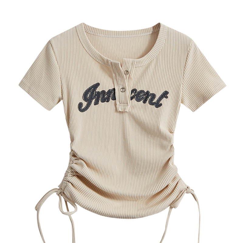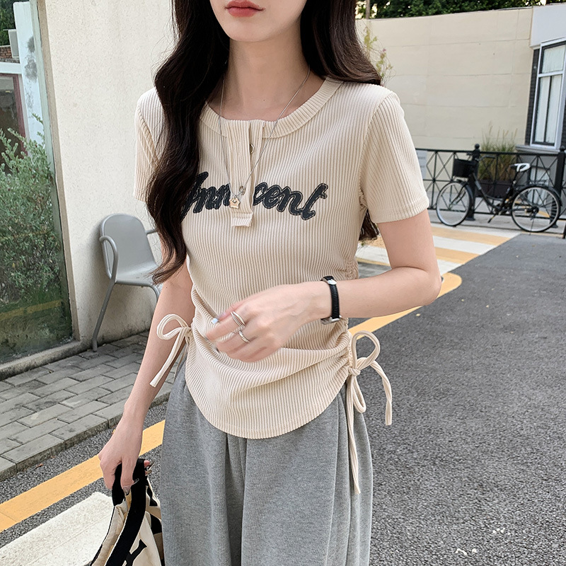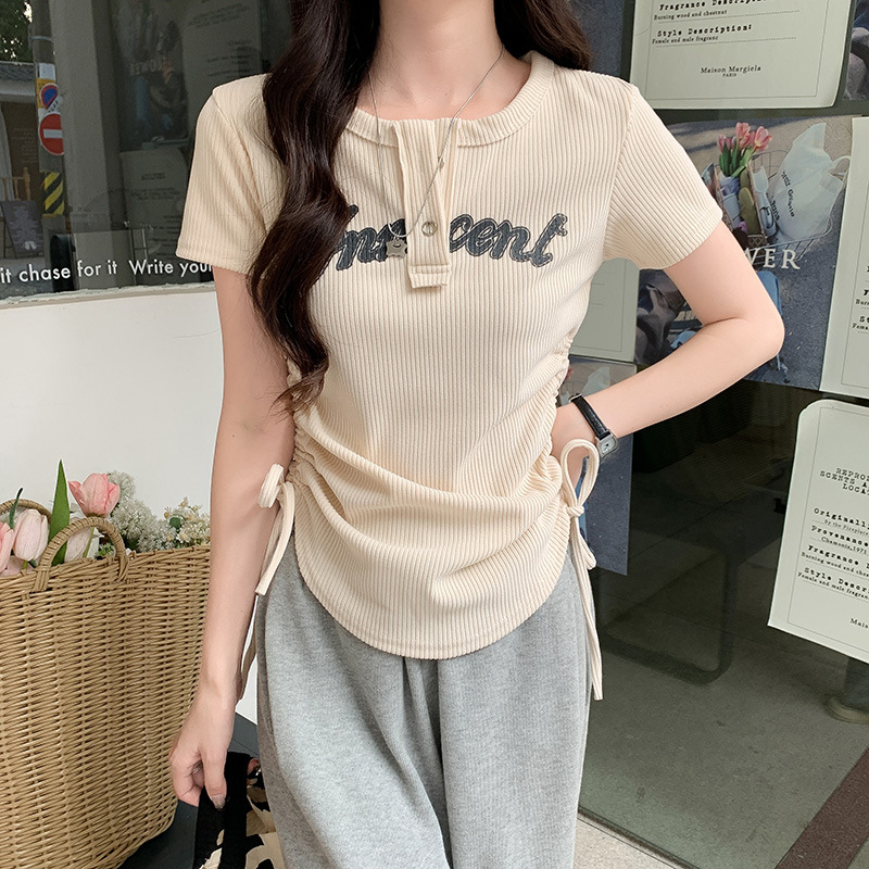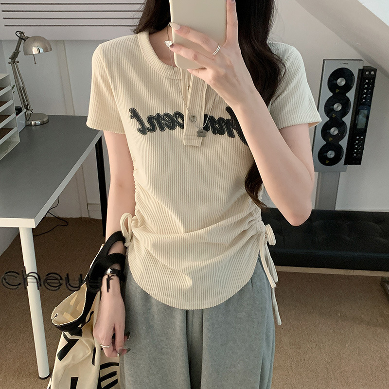 正肩短款抽绳短袖T恤女设计感小众夏季辣妹小个子针织坑条上衣桖
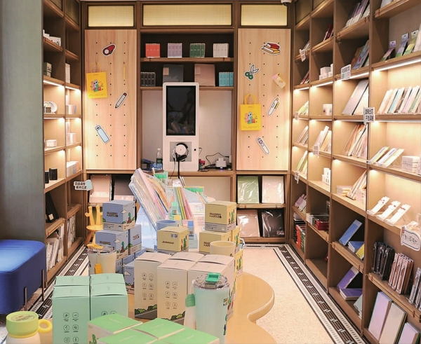 本次快闪活动现场还有与知名IP“JOGUMAN乔古漫”的联名款,乔古漫是来自韩国ins工作室joguman.studio的创作IP。看上去有些笨拙的小恐龙, 却是都市打工族缓解焦虑、 治愈心灵的新伙伴。在活动现场,可以看到各种印有乔古漫的文具用品、手账本、资料册、修正带以及水杯。
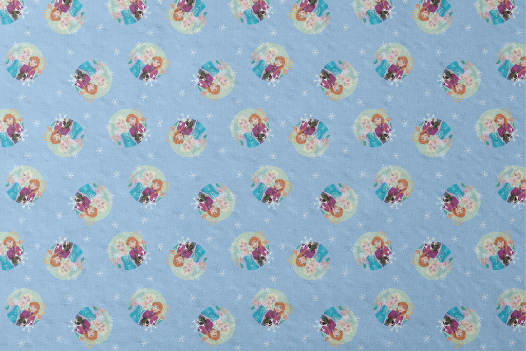 A winter-themed pattern featuring characters from Frozen in circular medallions against a light blue background with delicate snowflakes scattered throughout.
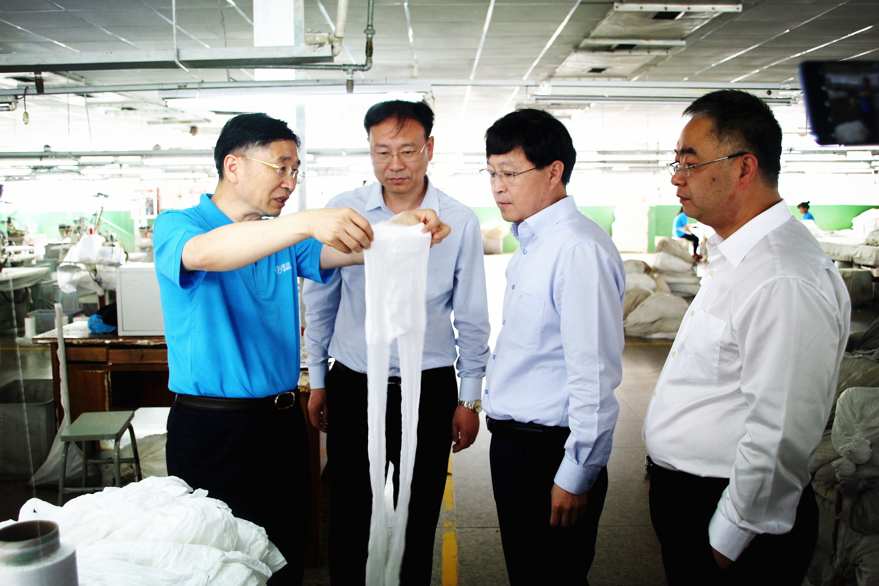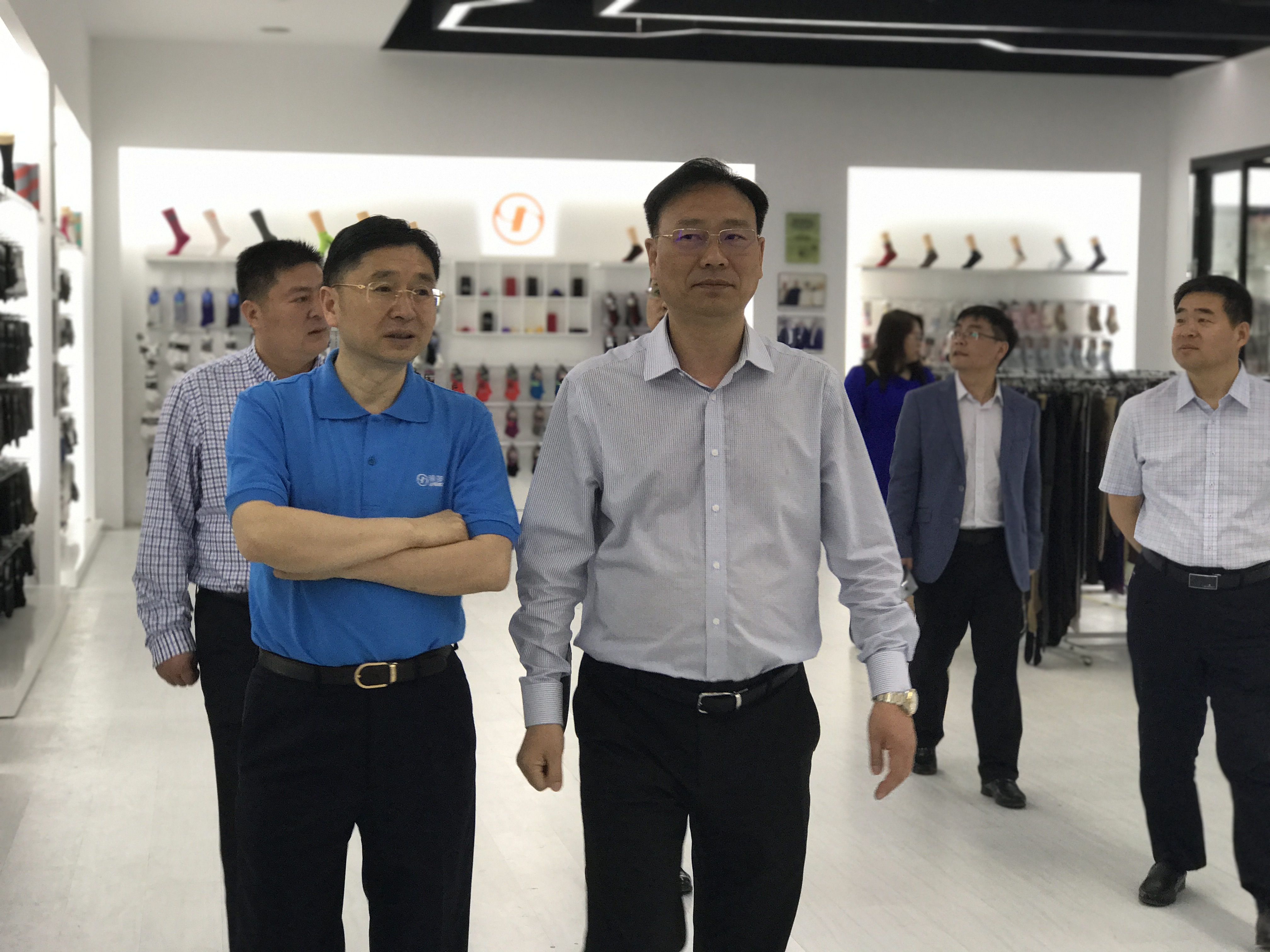 今日上午,吉林和龍市委書記金烈一行到浪莎考察指導。浪莎集團董事長陪同參觀了企業展示廳及車間。
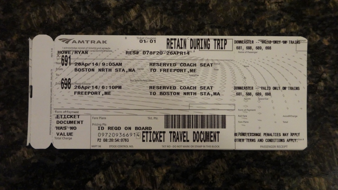 The trip finally was able to happen after all the planning from Part 1. On Saturday April 26th, 2014 Dad, Debora and I were able to drive into Boston to take the Downeaster Amtrak train from North Station in Boston to Freeport ME.
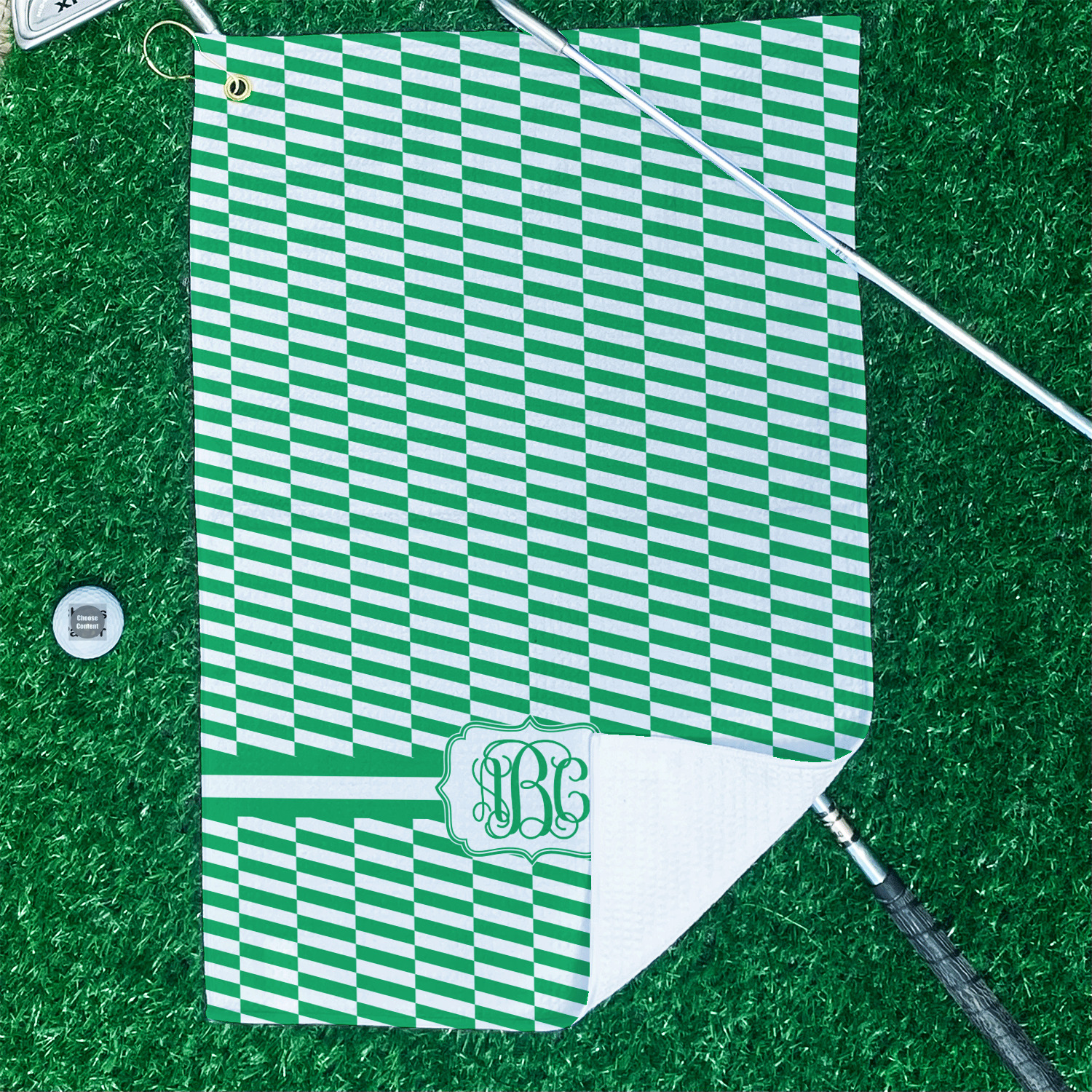 Trying to choose which golf towel is right for you? Our standard golf bag towel (one size - 13" x 18") is a terry loop style towel with a partial print that is great for normal, everyday use. If you are looking for a poly-cotton blend full print towel look at our standard full print golf towel - available in 2 sizes - small (11" x 18") and large (15" x 25"). If you prefer the look and feel of a soft microfiber towel our microfiber golf towels are a great option and allow you to polish your club and ball surfaces to a nice sheen. The microfiber golf towels are also available in 2 sizes - small (11" x 18") and large (15" x 25"). Lastly the waffle weave towel (available in a single size - 16" x 24") is a fantastic option to give you some texture on your towel to allow for more scrubbing and cleaning when playing in rougher, wetter environments. All of these options are able to be washed with bleach to get them clean and will retain their bright colors.
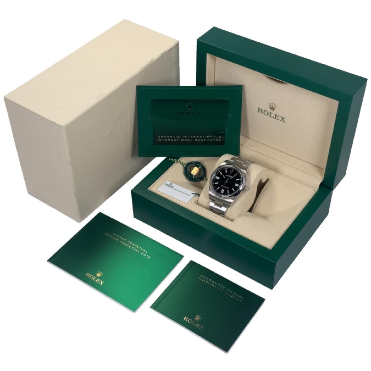 Rolex Oyster Perpetual 41 uit 2024 met een 41 mm roestvrijstalen kast en vouwsluiting. Dit heren Rolex horloge is in zeer goede staat.
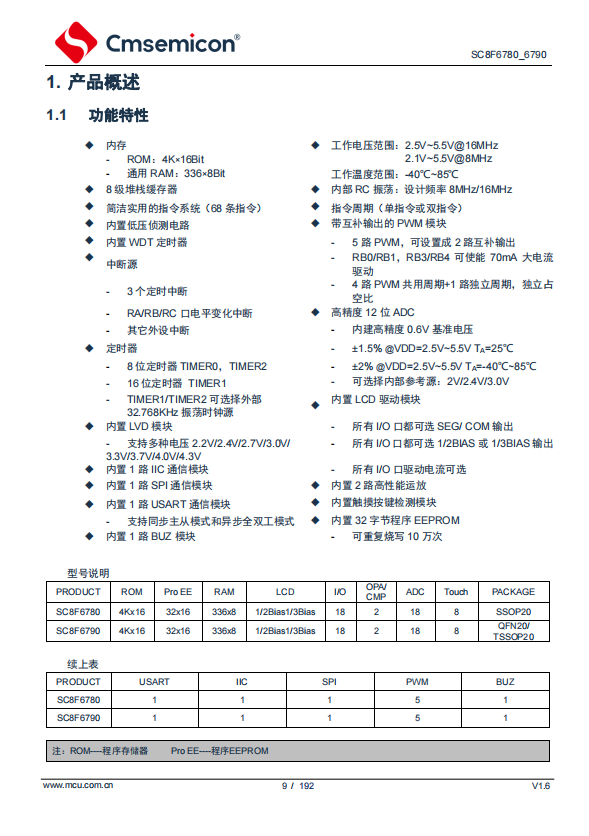 SC8F6790是中微FLASH芯片,Flash 4Kx16Bit、RAM336B,內置RC振蕩8MHz/16MHz,工作電壓2.1V-5.5V,GPIO最多18個,內置觸摸按鍵功能,內置WDT、LVD、BUZ、高精度12位ADC、2路運算放大器、內置 LCD 驅動模塊、內置US ...
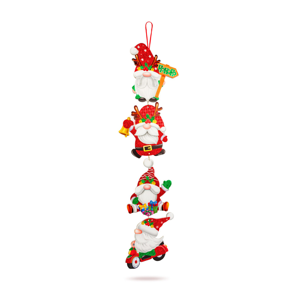 Dekorálja otthonát, irodáját ezzel a bájos, felakasztható karácsonyi manó dekorációval! Egy-egy dekoráción 4 aranyos manó figura helyezkedik el egymás alatt, színes, részletgazdag glitteres kiegészítőkkel. Ideális ablakra, ajtóra, falra, az akasztó segítségével bárhová könnyen felakasztható. Kiváló választás otthonra, irodába vagy ajándéknak is.
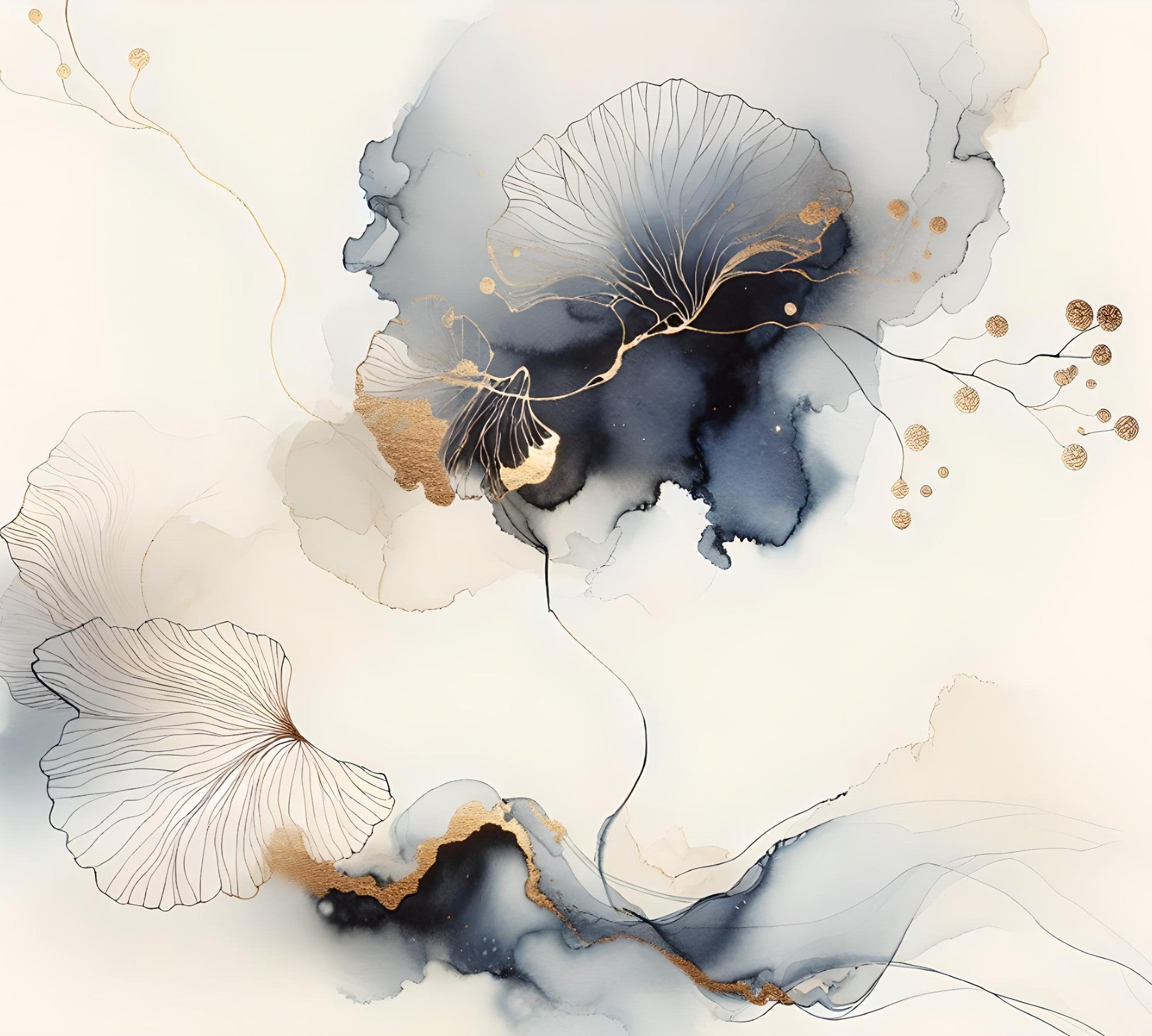 Dette elegante tapet har et drømmende abstrakt kunst i blød blues, grå og guld. Delikate, håndtegnede linjer, der ligner Ginkgo blade, der er sammenflettet med flydende alkoholblækvask, hvilket skaber en følelse af rolig og ro. De subtile guld accenter tilføjer et strejf af luksus, mens den samlede palet fremkalder en følelse af sindsro og fred. Perfekt til soveværelser, stuer eller ethvert rum, hvor der ønskes en sofistikeret og afslappende atmosfære. Designet er både moderne og tidløst, hvilket gør det til et alsidigt valg for forskellige interiørstilarter.
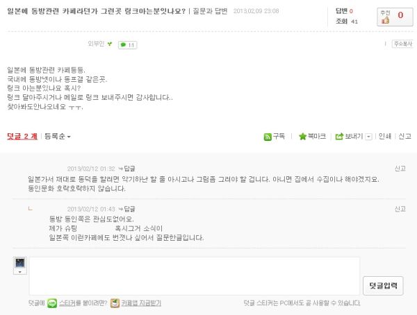 • 일본 가서 제대로 동덕을 하려면 악기 하나는 할 줄 아시거나 그림 좀 그려야 할 겁니다. 아니면 집에서 수집이나 해야겠지요. 동인문화 호락호락하지 않습니다.
· · · ·
Every record must be duplicated exactly, except for the pictures, which are left out.

 正肩短款抽绳短袖T恤女设计感小众夏季辣妹小个子针织坑条上衣桖
 本次快闪活动现场还有与知名IP“JOGUMAN乔古漫”的联名款,乔古漫是来自韩国ins工作室joguman.studio的创作IP。看上去有些笨拙的小恐龙, 却是都市打工族缓解焦虑、 治愈心灵的新伙伴。在活动现场,可以看到各种印有乔古漫的文具用品、手账本、资料册、修正带以及水杯。
 A winter-themed pattern featuring characters from Frozen in circular medallions against a light blue background with delicate snowflakes scattered throughout.
 今日上午,吉林和龍市委書記金烈一行到浪莎考察指導。浪莎集團董事長陪同參觀了企業展示廳及車間。
 The trip finally was able to happen after all the planning from Part 1. On Saturday April 26th, 2014 Dad, Debora and I were able to drive into Boston to take the Downeaster Amtrak train from North Station in Boston to Freeport ME.
 Trying to choose which golf towel is right for you? Our standard golf bag towel (one size - 13" x 18") is a terry loop style towel with a partial print that is great for normal, everyday use. If you are looking for a poly-cotton blend full print towel look at our standard full print golf towel - available in 2 sizes - small (11" x 18") and large (15" x 25"). If you prefer the look and feel of a soft microfiber towel our microfiber golf towels are a great option and allow you to polish your club and ball surfaces to a nice sheen. The microfiber golf towels are also available in 2 sizes - small (11" x 18") and large (15" x 25"). Lastly the waffle weave towel (available in a single size - 16" x 24") is a fantastic option to give you some texture on your towel to allow for more scrubbing and cleaning when playing in rougher, wetter environments. All of these options are able to be washed with bleach to get them clean and will retain their bright colors.
 Rolex Oyster Perpetual 41 uit 2024 met een 41 mm roestvrijstalen kast en vouwsluiting. Dit heren Rolex horloge is in zeer goede staat.
 SC8F6790是中微FLASH芯片,Flash 4Kx16Bit、RAM336B,內置RC振蕩8MHz/16MHz,工作電壓2.1V-5.5V,GPIO最多18個,內置觸摸按鍵功能,內置WDT、LVD、BUZ、高精度12位ADC、2路運算放大器、內置 LCD 驅動模塊、內置US ...
 Dekorálja otthonát, irodáját ezzel a bájos, felakasztható karácsonyi manó dekorációval! Egy-egy dekoráción 4 aranyos manó figura helyezkedik el egymás alatt, színes, részletgazdag glitteres kiegészítőkkel. Ideális ablakra, ajtóra, falra, az akasztó segítségével bárhová könnyen felakasztható. Kiváló választás otthonra, irodába vagy ajándéknak is.
 Dette elegante tapet har et drømmende abstrakt kunst i blød blues, grå og guld. Delikate, håndtegnede linjer, der ligner Ginkgo blade, der er sammenflettet med flydende alkoholblækvask, hvilket skaber en følelse af rolig og ro. De subtile guld accenter tilføjer et strejf af luksus, mens den samlede palet fremkalder en følelse af sindsro og fred. Perfekt til soveværelser, stuer eller ethvert rum, hvor der ønskes en sofistikeret og afslappende atmosfære. Designet er både moderne og tidløst, hvilket gør det til et alsidigt valg for forskellige interiørstilarter.
 • 일본 가서 제대로 동덕을 하려면 악기 하나는 할 줄 아시거나 그림 좀 그려야 할 겁니다. 아니면 집에서 수집이나 해야겠지요. 동인문화 호락호락하지 않습니다.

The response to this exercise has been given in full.